Conversely, Americans have always had misgivings about Rome and what it might portend for their own young country as it continued its continental expansion and pursued its ‘manifest destiny’ on the global stage. These fears found expression in one of the greatest and most popular works of American art, Thomas Cole’s five-part series of paintings, The Course of Empire (1834-36, reproduced below). This monumental historical panorama attracted huge crowds and gave brilliant visual expression to a popular enthusiasm for pastoral agrarianism as the ideal state of human civilisation, and the corresponding fear that the path of empire would lead inevitably to excessive centralization, urbanism, corruption and decay.

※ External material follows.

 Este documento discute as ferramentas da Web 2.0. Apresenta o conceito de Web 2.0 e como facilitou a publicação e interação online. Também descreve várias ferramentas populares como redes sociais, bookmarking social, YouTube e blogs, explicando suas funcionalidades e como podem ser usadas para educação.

After depicting an Arcadian scene of pastoral tranquillity, Cole, in his third work, The Course of the Empire – The Consummation, imagines a future American imperial metropolis that is indistinguishable from a great Roman city. The next work however, The Course of Empire – Destruction, depicts its fate. In a scene inspired by the Vandals’ sack of Rome in 455, an enemy fleet and hordes of barbarian warriors lay waste to the city and all her people, raping, pillaging, and destroying every aspect of civilization; even the sky is being consumed by a dark, stormy vortex. Finally, in The Course of Empire – Desolation, we see the meagre fruits of imperial ambition, as the once grand buildings are swallowed up by the returning wilderness.

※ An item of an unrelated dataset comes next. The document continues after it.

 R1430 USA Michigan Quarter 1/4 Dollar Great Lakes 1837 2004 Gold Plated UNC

As Cole’s gigantic masterpieces demonstrate, concerns about the implications of empire recur throughout American history. Indeed, “the anxiety he expressed … is a very American one, and would raise its head at intervals right down to [the present]: the fear that this culture, so new, so full of shine and strength, could be swept away in one catastrophic eye-blink”, as Robert Hughes put it in American Visions: The Epic History of Art in America.  And, crucially, the threat was not external military might but internal moral weakness, with the “seed of apocalypse … planted right in the heart of the American democratic experience”.

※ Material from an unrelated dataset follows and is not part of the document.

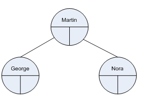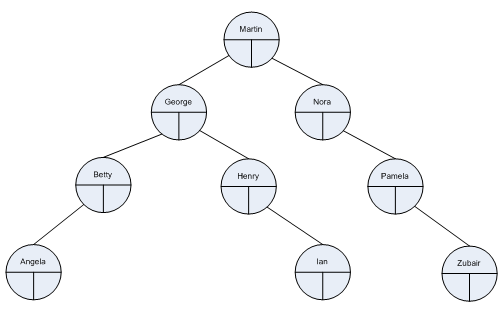 In this case there are two sub trees connected to Martin; George and Nora. Look carefully at the order of the nodes as it is important. Binary trees are only binary trees if the following rules hold –

As these examples illustrate the fear of internal betrayal and collapse has been present in American history since the early years of the Republic and is embedded in the nation’s cultural DNA. It is this perennial concern to which Nixon gave expression, as Switzer reminds us. This is a timely warning as America, divided to a degree unprecedented since the Civil War, faces an increasingly bellicose China and Russia. Given Australia’s precarious relationship with China we have a vital interest in how this great historical and cultural tension resolves itself: will America drag itself out of the mire of the Cultural Wars, Identity Politics, and deep internal subversion, or will she succumb, as did Rome, to the relentless onslaughts of barbarism and allow the world to slip into another Dark Age? 

(Those interested in pursuing these questions in more depth might like to consult Mervyn F. Bendle, “America as the New Rome”, Quadrant, No.446, May 2008.)